<<<<

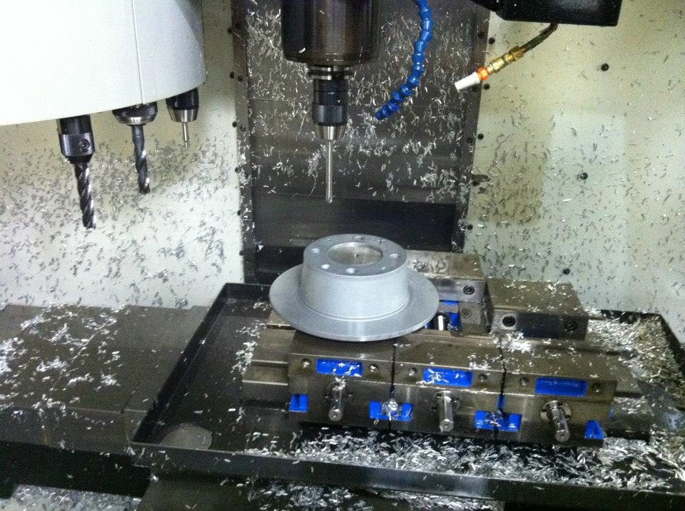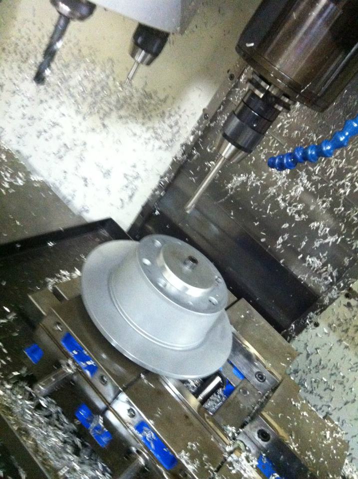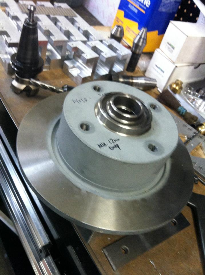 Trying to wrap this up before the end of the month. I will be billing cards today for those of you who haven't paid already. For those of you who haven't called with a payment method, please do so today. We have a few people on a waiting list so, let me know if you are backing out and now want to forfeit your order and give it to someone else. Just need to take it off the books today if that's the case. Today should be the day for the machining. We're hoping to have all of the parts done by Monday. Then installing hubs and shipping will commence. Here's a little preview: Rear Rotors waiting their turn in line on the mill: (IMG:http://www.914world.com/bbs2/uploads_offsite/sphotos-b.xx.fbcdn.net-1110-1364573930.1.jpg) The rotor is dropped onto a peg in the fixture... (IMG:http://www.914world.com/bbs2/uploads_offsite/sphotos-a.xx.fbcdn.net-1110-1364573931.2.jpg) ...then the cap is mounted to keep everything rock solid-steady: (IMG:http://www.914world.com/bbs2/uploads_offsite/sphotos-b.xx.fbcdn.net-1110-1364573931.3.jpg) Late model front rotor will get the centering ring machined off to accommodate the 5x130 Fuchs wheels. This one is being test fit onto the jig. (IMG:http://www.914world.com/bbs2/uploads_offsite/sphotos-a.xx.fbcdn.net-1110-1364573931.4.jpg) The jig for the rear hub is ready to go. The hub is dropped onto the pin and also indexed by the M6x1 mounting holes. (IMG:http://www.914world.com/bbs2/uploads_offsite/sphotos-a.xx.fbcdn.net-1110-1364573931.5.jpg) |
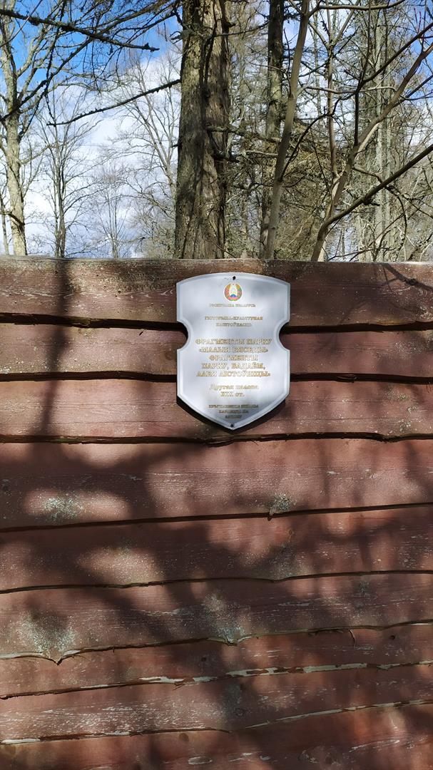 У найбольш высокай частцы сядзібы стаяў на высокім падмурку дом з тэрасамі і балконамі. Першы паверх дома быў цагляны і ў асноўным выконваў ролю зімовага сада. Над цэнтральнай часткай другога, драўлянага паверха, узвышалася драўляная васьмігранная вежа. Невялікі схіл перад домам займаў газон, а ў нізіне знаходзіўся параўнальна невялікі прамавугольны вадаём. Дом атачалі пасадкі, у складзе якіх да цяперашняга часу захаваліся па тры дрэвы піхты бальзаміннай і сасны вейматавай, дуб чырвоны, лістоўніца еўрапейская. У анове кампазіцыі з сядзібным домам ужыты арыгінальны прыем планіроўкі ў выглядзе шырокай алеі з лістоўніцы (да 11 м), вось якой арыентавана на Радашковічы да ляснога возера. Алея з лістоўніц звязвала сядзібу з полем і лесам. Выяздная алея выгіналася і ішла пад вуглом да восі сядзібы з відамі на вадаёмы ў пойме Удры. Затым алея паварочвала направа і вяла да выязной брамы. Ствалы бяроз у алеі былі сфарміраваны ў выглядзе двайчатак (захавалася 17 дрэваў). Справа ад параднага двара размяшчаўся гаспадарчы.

>>>>
<<<<

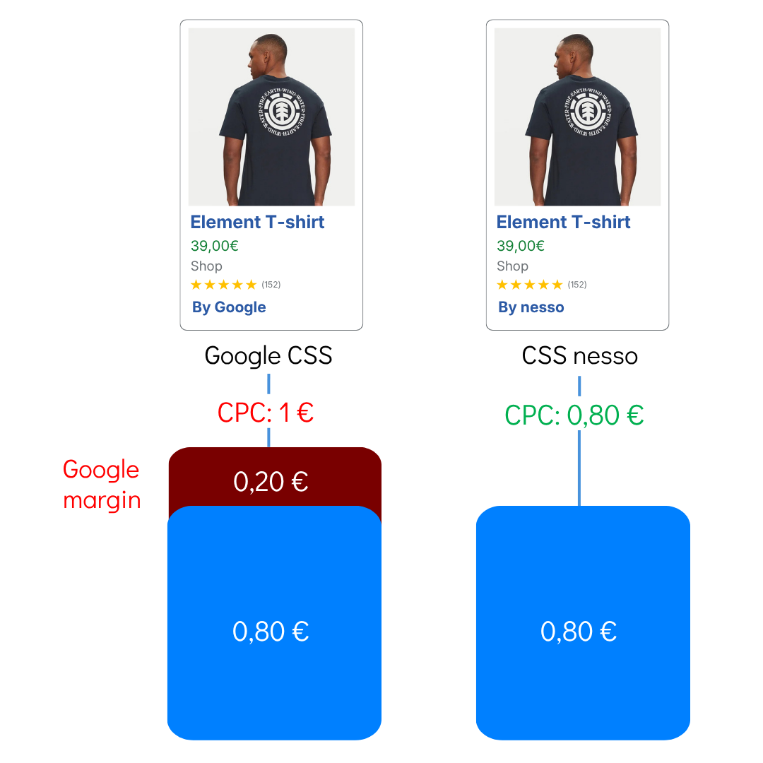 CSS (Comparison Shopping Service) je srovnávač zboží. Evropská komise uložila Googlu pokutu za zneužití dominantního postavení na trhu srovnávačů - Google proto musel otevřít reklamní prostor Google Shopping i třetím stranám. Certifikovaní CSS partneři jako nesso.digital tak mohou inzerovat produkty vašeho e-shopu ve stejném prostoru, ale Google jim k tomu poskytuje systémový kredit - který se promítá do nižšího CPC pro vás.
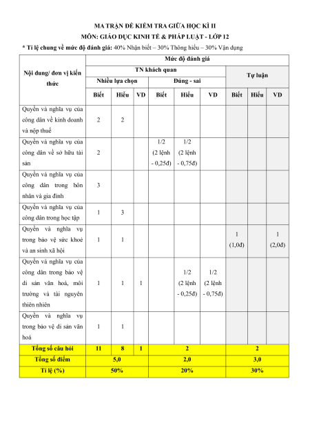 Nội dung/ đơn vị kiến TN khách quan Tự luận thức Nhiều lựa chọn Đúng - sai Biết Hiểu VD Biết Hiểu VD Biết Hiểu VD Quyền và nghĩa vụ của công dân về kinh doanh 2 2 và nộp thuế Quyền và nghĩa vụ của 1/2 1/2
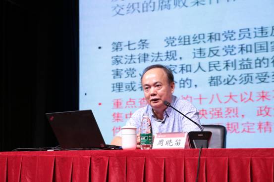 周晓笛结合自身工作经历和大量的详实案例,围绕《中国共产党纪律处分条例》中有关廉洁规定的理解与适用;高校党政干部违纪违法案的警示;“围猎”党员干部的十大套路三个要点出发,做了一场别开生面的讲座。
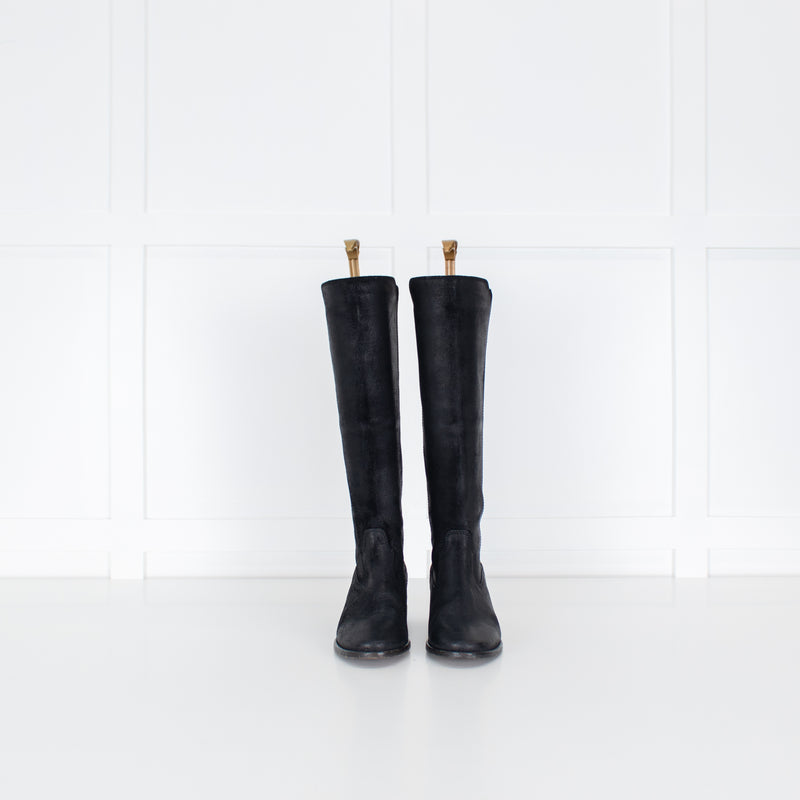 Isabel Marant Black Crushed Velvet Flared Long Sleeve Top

>>>>
<<<<

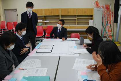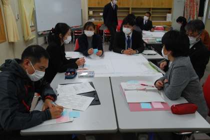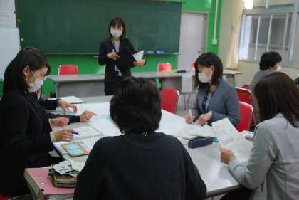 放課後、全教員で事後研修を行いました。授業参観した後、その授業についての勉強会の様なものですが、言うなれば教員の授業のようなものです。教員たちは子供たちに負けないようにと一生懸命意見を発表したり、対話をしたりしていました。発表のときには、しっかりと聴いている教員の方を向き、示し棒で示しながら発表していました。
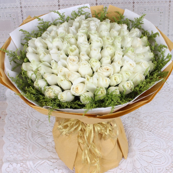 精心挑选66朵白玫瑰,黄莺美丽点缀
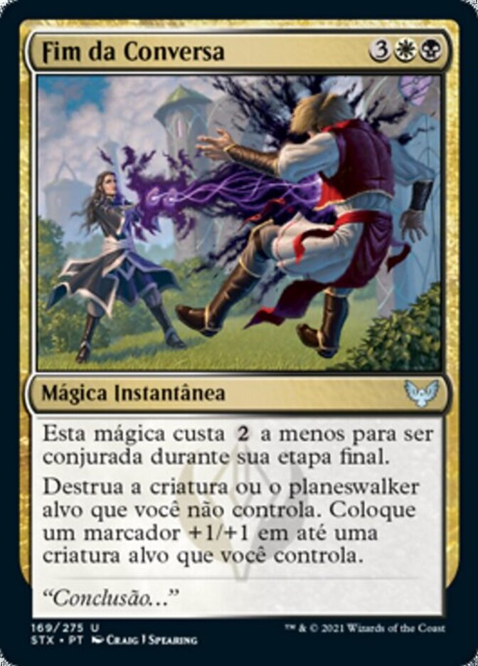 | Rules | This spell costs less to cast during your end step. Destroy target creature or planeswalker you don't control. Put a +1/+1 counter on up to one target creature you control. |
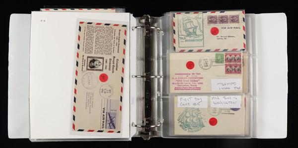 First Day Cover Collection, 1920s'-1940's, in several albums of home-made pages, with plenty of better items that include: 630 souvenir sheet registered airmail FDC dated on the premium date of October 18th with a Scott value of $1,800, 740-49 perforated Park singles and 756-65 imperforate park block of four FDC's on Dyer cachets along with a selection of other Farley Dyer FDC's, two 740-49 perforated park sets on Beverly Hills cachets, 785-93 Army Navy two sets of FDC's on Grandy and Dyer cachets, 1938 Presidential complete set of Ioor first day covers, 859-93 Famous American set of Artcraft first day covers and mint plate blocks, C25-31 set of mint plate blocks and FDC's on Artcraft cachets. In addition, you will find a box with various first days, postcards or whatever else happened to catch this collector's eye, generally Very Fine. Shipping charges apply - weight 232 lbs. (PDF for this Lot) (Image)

>>>>

• PROBLEM REQUIREMENTS: Set the pictures aside and retype exactly the lines above from the line with "精心挑选66朵白玫瑰,黄莺美丽点缀" to the line with "you control. |", both included, adding no others.

• RESULT:
 精心挑选66朵白玫瑰,黄莺美丽点缀
 | Rules | This spell costs less to cast during your end step. Destroy target creature or planeswalker you don't control. Put a +1/+1 counter on up to one target creature you control. |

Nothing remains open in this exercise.